ABOUT THIS EXERCISE: Down to the final line, write out the material beneath exactly, without pictures.

DATA:
== Segment start ==
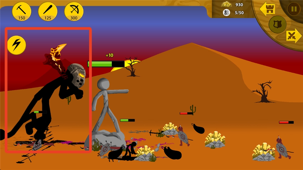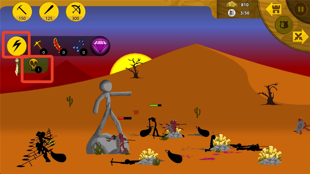 5、购买成功后,可点击战场上左侧闪电形状的按钮,接着选择下方的黄色骷髅。
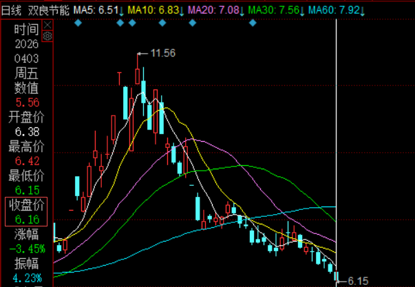 4月3日,双良节能的股价收盘只有6.16元了,对比2月12日的收盘10.71元,浮亏超过40%。
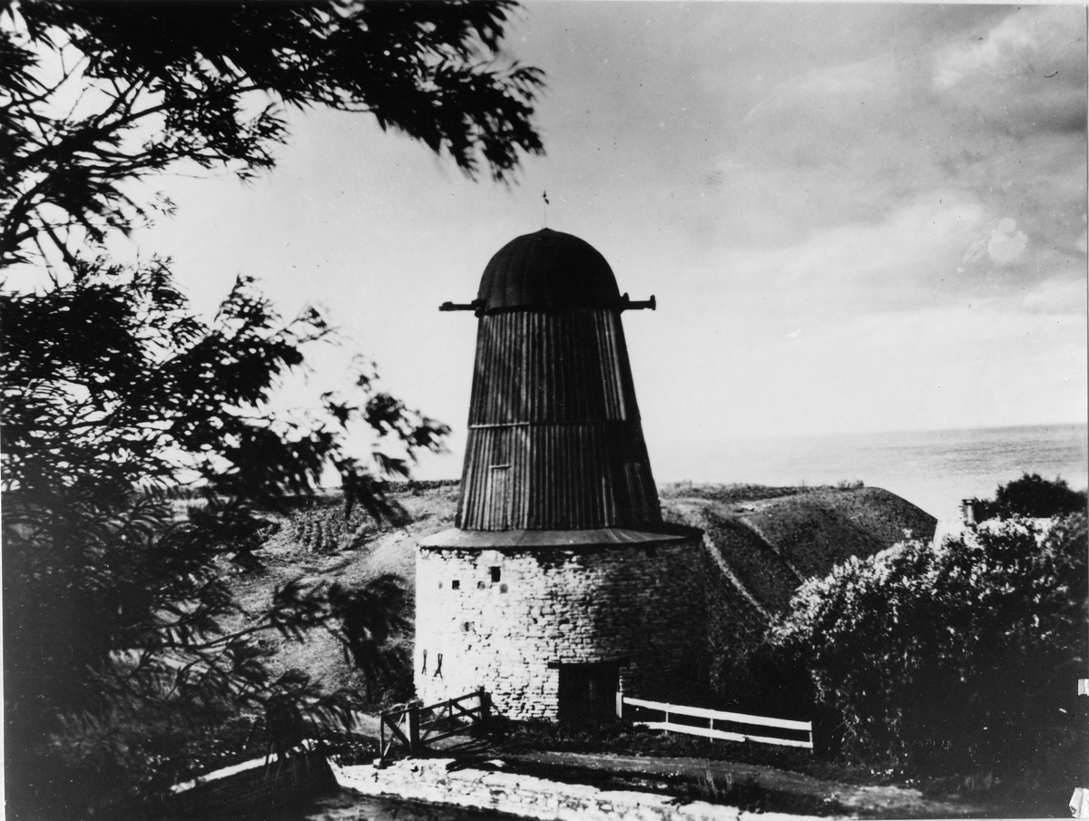 Ölands Alunverk. Pumpverk i kombination med en holländsk väderkvarn. I bakgrunden till vänster askhögar, härrörande från aluntillverkningen.
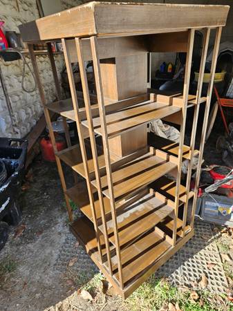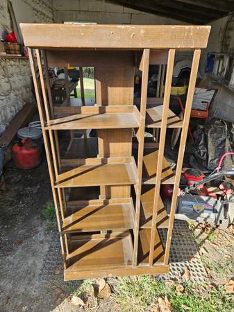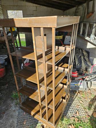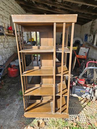 Rotating bookcase. It tilts a bit so it might need some adjustment.
== Segment end ==
TASK SOLUTION:
 5、购买成功后,可点击战场上左侧闪电形状的按钮,接着选择下方的黄色骷髅。
 4月3日,双良节能的股价收盘只有6.16元了,对比2月12日的收盘10.71元,浮亏超过40%。
 Ölands Alunverk. Pumpverk i kombination med en holländsk väderkvarn. I bakgrunden till vänster askhögar, härrörande från aluntillverkningen.
 Rotating bookcase. It tilts a bit so it might need some adjustment.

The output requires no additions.